Nicholson and her food service workers prepare 900 meals
every school day for hungry children at a Tifton, Ga., middle
school. “The cafeteria needs a lot of tomatoes, carrots
and other fruits and vegetables,” Nicholson said.


Local Crops, Local
Markets


Local farmers could influence the price they get for their
crops if they’d look at local schools as markets, said Mark
Risse, a University of Georgia scientist.





lunchz.jpg (8878 bytes)

Photo: Joe
Courson

The hundreds of lunches served up
daily in local schools point to potential markets for locally
grown produce.


“There have been some successful operations down in
Florida, where farmers have cooperatively worked together to
supply most of the school lunch menus,” Risse said.


Among other things, Risse works with a number of UGA programs
designed to encourage farmers to find local markets.

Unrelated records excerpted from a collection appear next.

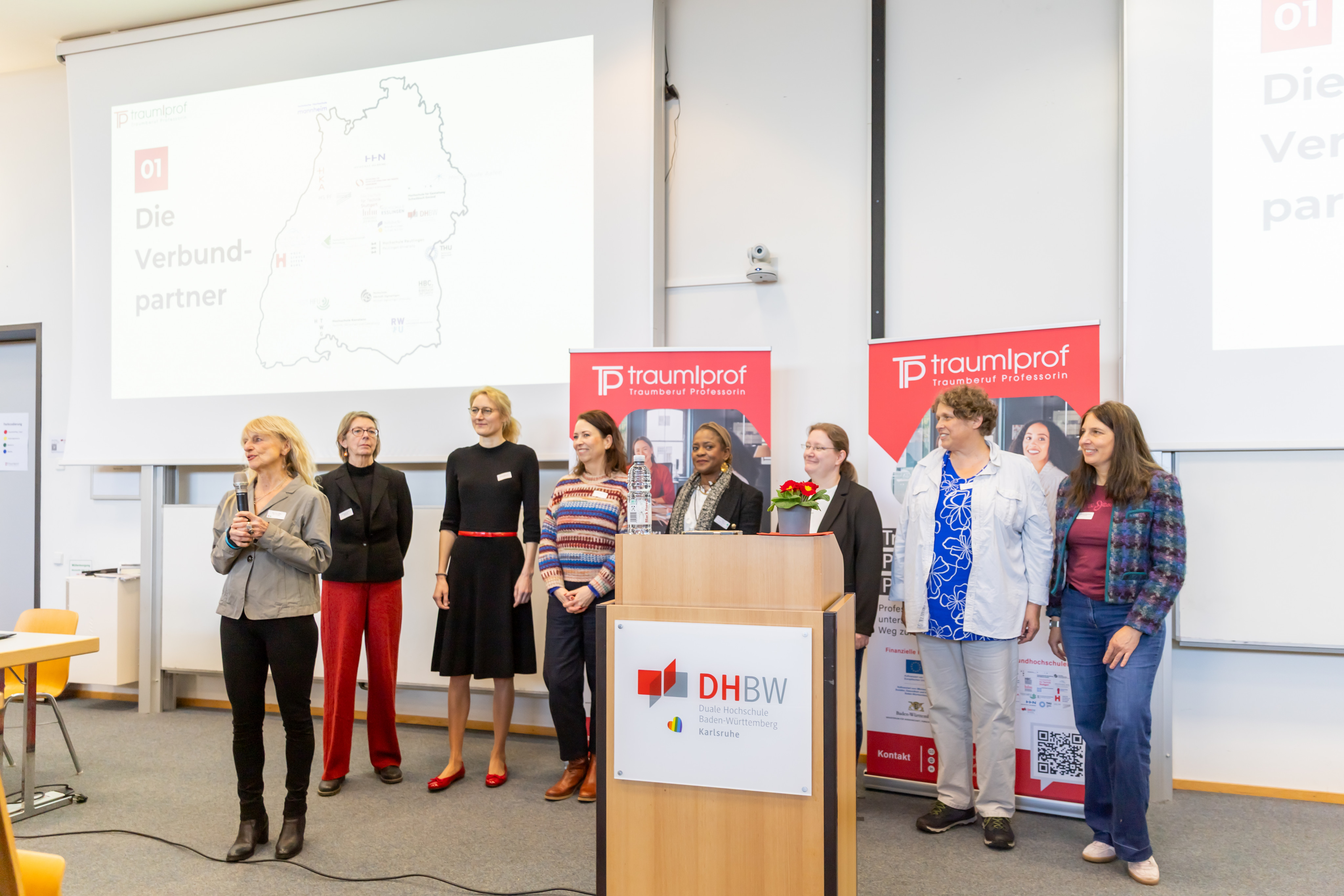 Mit einer feierlichen Auftaktveranstaltung für die dritte Runde und dem gleichzeitigen Abschluss der zweiten Runde hat das Verbundprojekt „Traumberuf Professorin Plus“ ein starkes Zeichen für die Zukunft der Professorenschaft gesetzt. Vertreter: innen aus Hochschulleitungen, Ministerium sowie Mentees und Mentor: innen kamen an der DHBW Karlsruhe zusammen, um Frauen auf dem Weg zur Professur zu unterstützen. Bereits nach nur zwei Jahren Projektlaufzeit konnten innerhalb dieses einzigartigen Verbundprojekts 26 Berufungen verzeichnet werden.
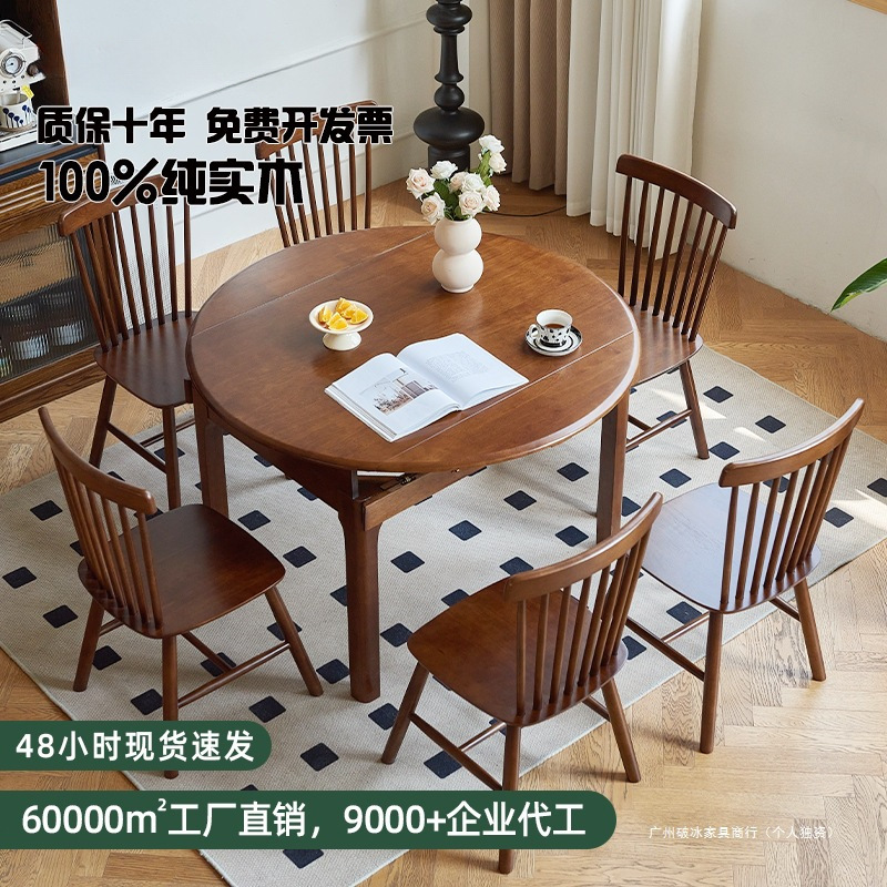 Meja Makan Kayu Solid Gaya Tiongkok Baru Meja Bundar Rumah Tangga Sederhana Rumahan Kecil Meja Makan Restoran Lipat Dapat Diteleskopik 6-12 Orang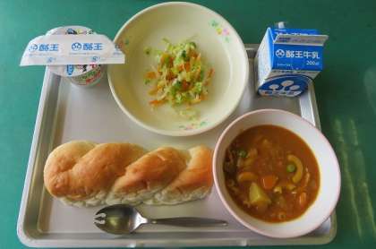 本日の献立は、ツイストパン、牛乳、マカロニのカレー煮、キャベツサラダ、ヨーグルトでした。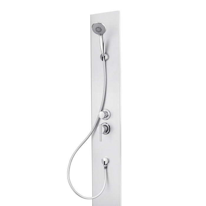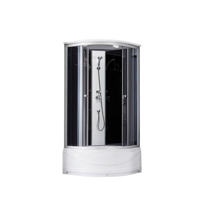 Душовий бокс Kroner KRP Enzo - SD.C.T.G.90x90 см - це ідеальне рішення для створення комфортного та сучасного душового простору у вашій ванній кімнаті. Бокс має розміри 90x90 см і форму чверті кола, що робить його ідеальним варіантом для ванних кімнат обмеженого простору. Конструкція дверей - розсувна, матеріал - скло. Двері тоновані сірого кольору додають якісний стиль та забезпечують приватність під час душу. Піддон має висоту 415 мм та виготовлений із високоякісного акрилу, що робить його міцним і довговічним. Глибина піддону становить 310 мм, що забезпечує комфорт під час прийому душу. До комплекту душового боксу входить велика кількість необхідних елементів, таких як сифон, двері, ручки, ролики, профіль, кришка, задні стінки, душова панель, змішувач, лійка для ручного душу, лійка для верхнього душу, душовий шланг, кронштейн для ручного душу, шлангове під‘єднання, ніжки, комплект кріпильних деталей та полиця. Це забезпечує повну функціональність та зручність використання.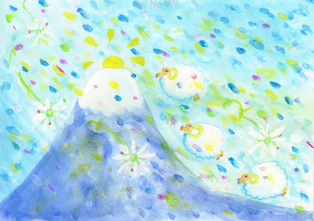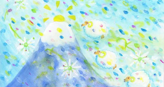 ダイアモンド富士のてっぺんへ、みんなで進む、羊たちを描きました。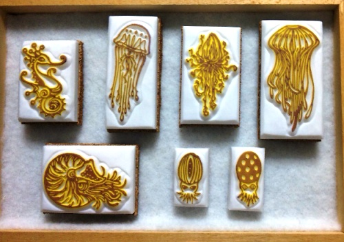 (既に何度か書いてますが)今の所メインはクラゲの消しゴムはんこです、けっこう細かい図案を時間を掛けてねちねちネチネチと彫っているので今までのイベント出展時に比べるとお値段がやや高めなんですよね、この頑張りを察してやってください・・・(汗;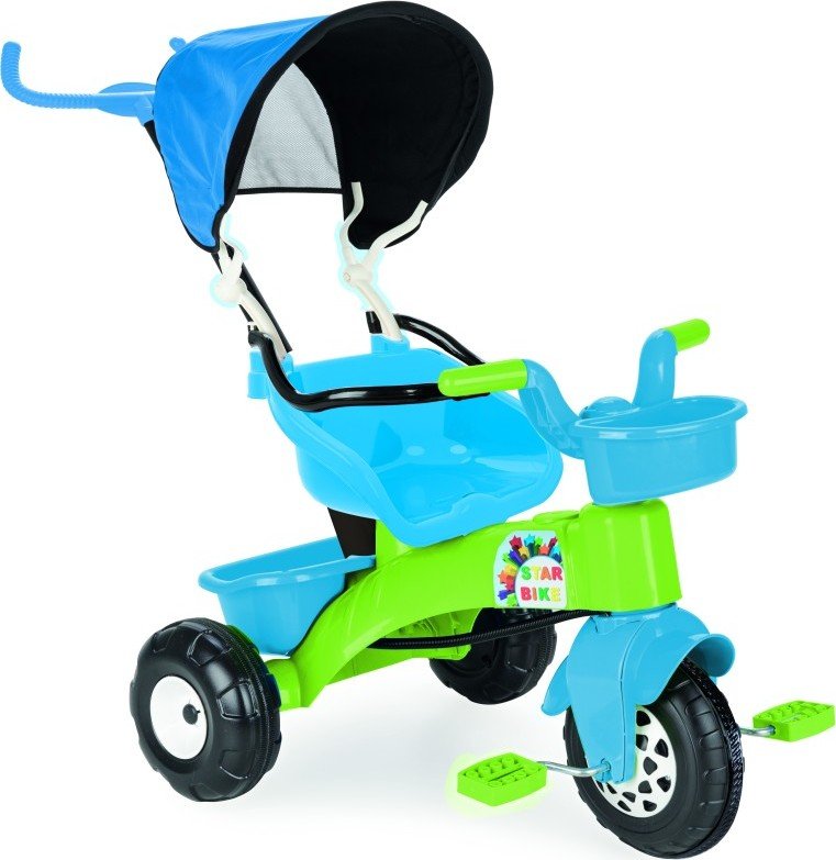 Tříkolka Star s vodící tyčí – s košíkem. Na rukojeti ovládání šlapek, takže díte nemůže šlapat bez povolení rodičů. Maximální nosnost 35 kg.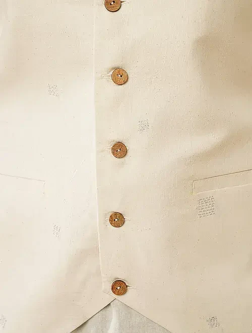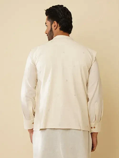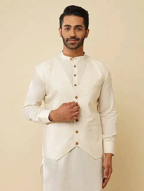 This classic Off White Khadi Cotton Jacket for Men is constructed on a luxurious base of Indian Handloom Khadi Fabric. Further highlighted by minimalistic embroidery. An ideal staple in your everyday wardrobe.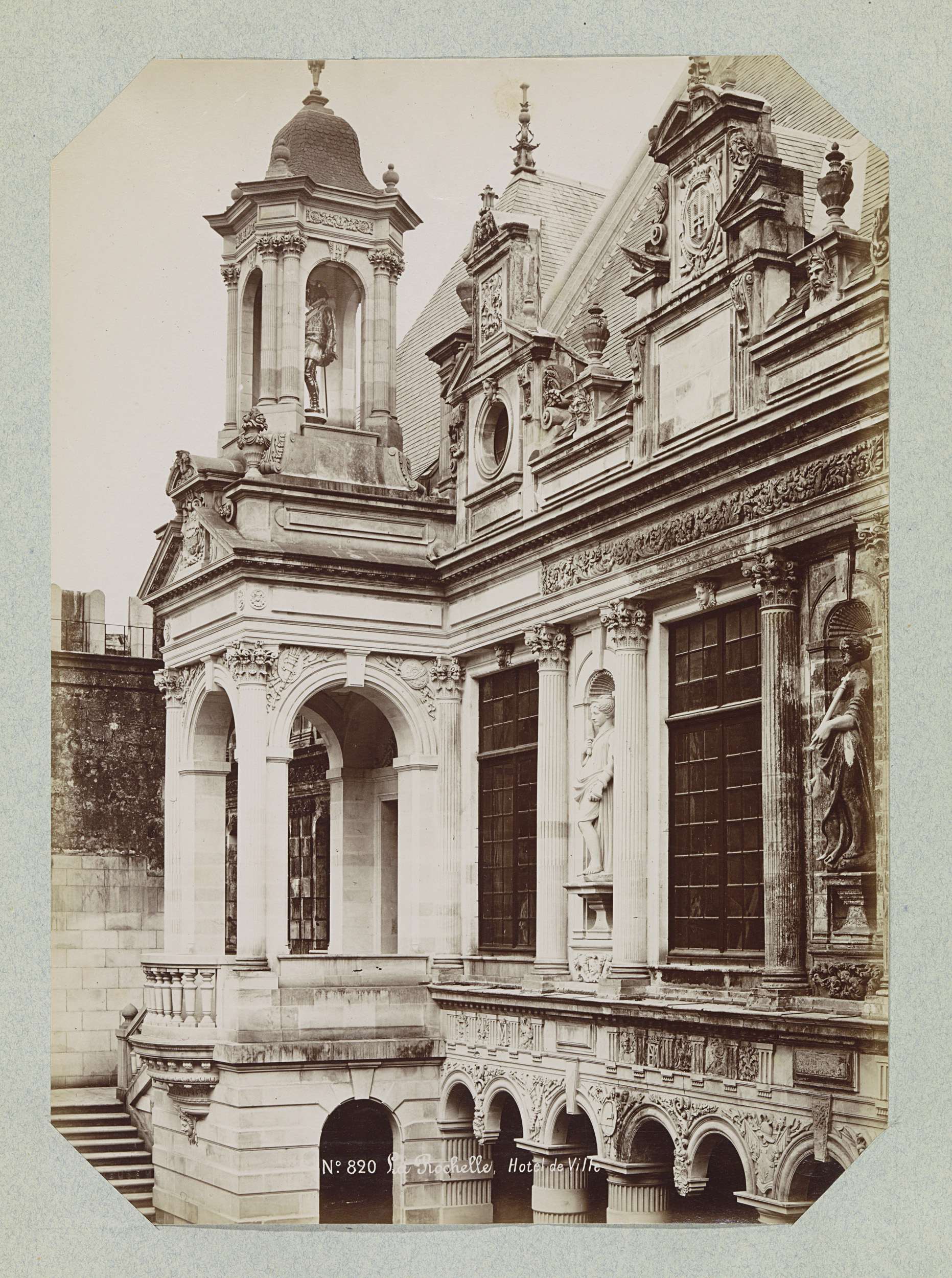 Gevel, toren en zuilengalerij van het stadhuis van L...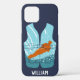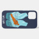 Créez un cadeau personnalisé qui conviendra parfaitement aux amateurs de ski nautique et de sports nautiques. Ce boîtier de téléphone cellulaire présente l'illustration d'un skieur d'eau orange, bleu clair et bleu turquoise en forme de gilet de sauvetage contre un arrière - plan bleu marine. Ci-dessous est un endroit pour ajouter un nom en lettres blanches.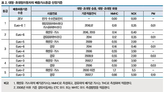 5) 대형·초대형자동차의 배출가스등급 산정기준은 <표 2>와 같다.
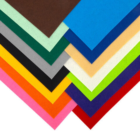 Фетр жесткий А4, 1 мм, 15 листов, 15 цветов, плотность 160 г/м2, ОСТРОВ СОКРОВИЩ, 665668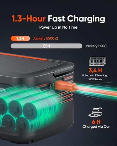 - High Performance:The Jackery Explorer 500 v2 packs 512Wh of reliable power into just 5.7kg, making this power generator ultra-portable for home, travel, or outdoors. Its 1000W AC output effortlessly powers everyday devices like fridges, kettles, and coffee makers, backed by a durable LiFePO4 battery with a 10-year lifespan and 6,000 cycles.

Local school
systems can be promising: they have money to spend and hundreds
of mouths to feed.


“The farmers benefit,” he said, “and they’ve got a market
that’s readily available to meet the demand locally.”


Connections Not Being
Made


Risse said he’s not aware of any school systems in Georgia
that use locally grown produce.


“That doesn’t mean they don’t exist,” he said. “A lot of
people could work together to see this happen anywhere in
Georgia, I think. It’s an emerging opportunity we should take
advantage of. It’s one type of direct marketing, and I think
the future of agriculture holds this. Direct marketing is the
key to it, really.”


Farmers would have to do a lot of marketing first, he said,
and then focus on growing their crops once they’ve established
the markets.


Farming
‘Backwards’


“That seems a little backwards for a farmer,” he
said. “A farmer wants to produce and then worry about the market.
And really, we should be doing it the other way around.”


Before anything could work, farmers would need to get to know
their local schools and the procedures for bidding and securing
food-service contracts.


“Some school systems do a weekly produce bid. Others do a
yearly bid,” Nicholson said. But she likes the idea of making the
connection. “I think there would be good nutrition there and a
good economy lesson as well,” she said.